WORK ITEM » Copy out the full listing exactly, omitting any picture it contains.

DATASET EXCERPT »
.....

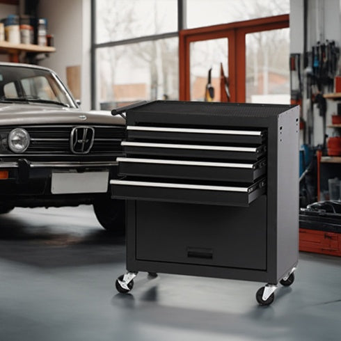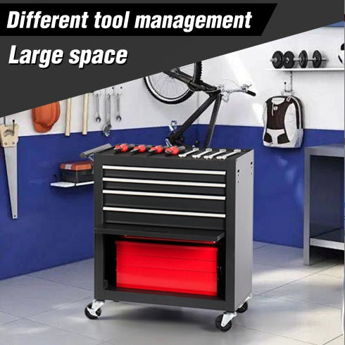 - Drawer: Equipped with four smooth-opening drawers, the tool chest with drawers is designed for easy access and organization. The drawers accommodate tools, folders, and other essentials
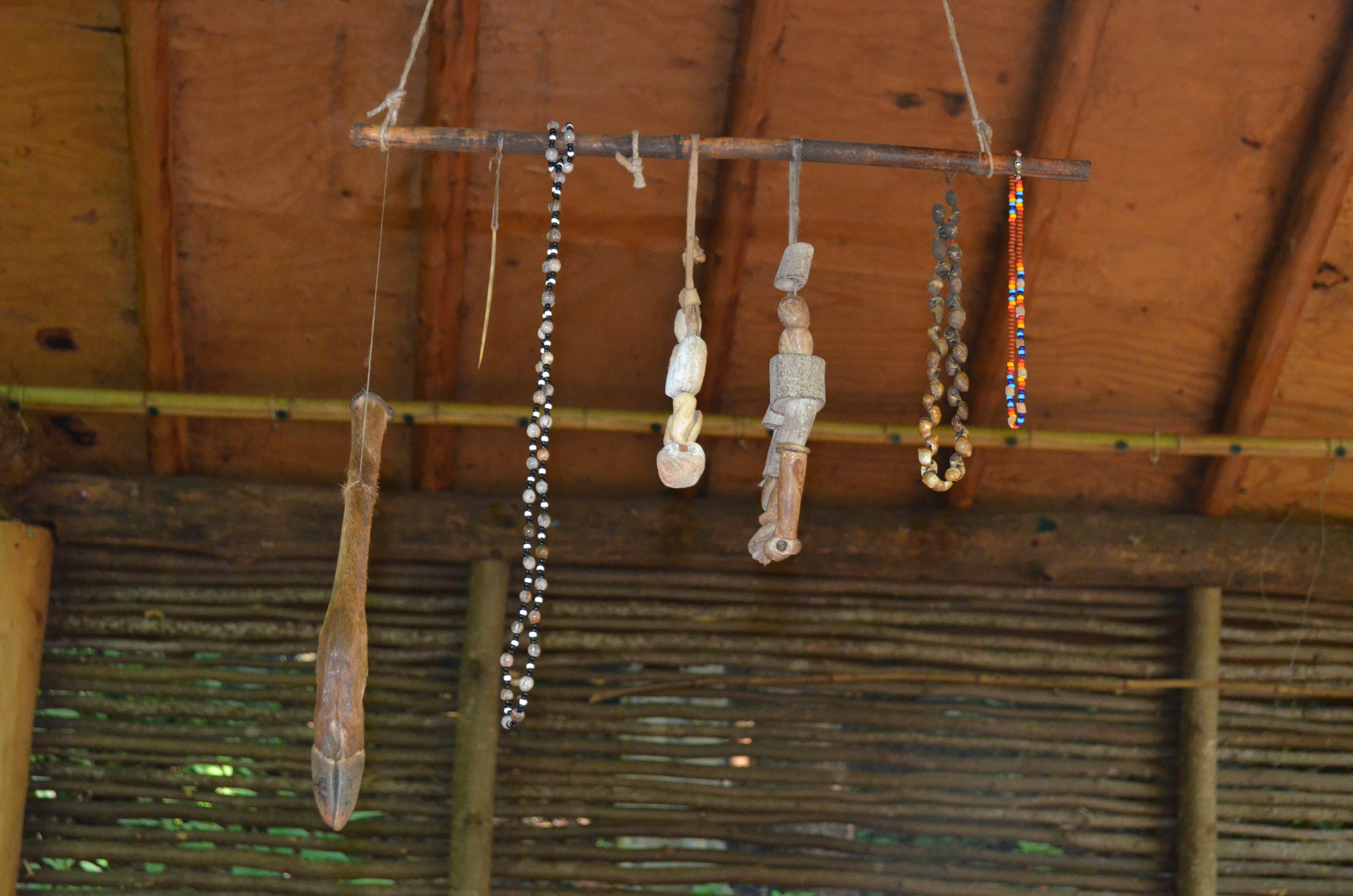 Today the beadworkers use contemporary beads like the rest of us, but traditionally the cornbead was used.  It grows on a plant called the cornplant and it is hard when harvested.  There are some traditional beaded items, before the advent of European beads.  The cornbeads are the grey stand near the left.
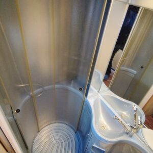 Takana parivuode ja alla aivan mahtavan kokoinen tallitila, keskellä tilava pesuhuone ja keittiö, edessä istuinryhmä 5:lle kääntyvin ohjaamon
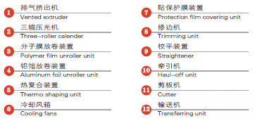 同时本司也提供传统的铝塑板生产线,产量500-800kg/h,线速度5m/min,可以生产宽度900-1560mm,铝箔厚度

.....

EXERCISE OUTPUT »
 - Drawer: Equipped with four smooth-opening drawers, the tool chest with drawers is designed for easy access and organization. The drawers accommodate tools, folders, and other essentials
 Today the beadworkers use contemporary beads like the rest of us, but traditionally the cornbead was used.  It grows on a plant called the cornplant and it is hard when harvested.  There are some traditional beaded items, before the advent of European beads.  The cornbeads are the grey stand near the left.
 Takana parivuode ja alla aivan mahtavan kokoinen tallitila, keskellä tilava pesuhuone ja keittiö, edessä istuinryhmä 5:lle kääntyvin ohjaamon
 同时本司也提供传统的铝塑板生产线,产量500-800kg/h,线速度5m/min,可以生产宽度900-1560mm,铝箔厚度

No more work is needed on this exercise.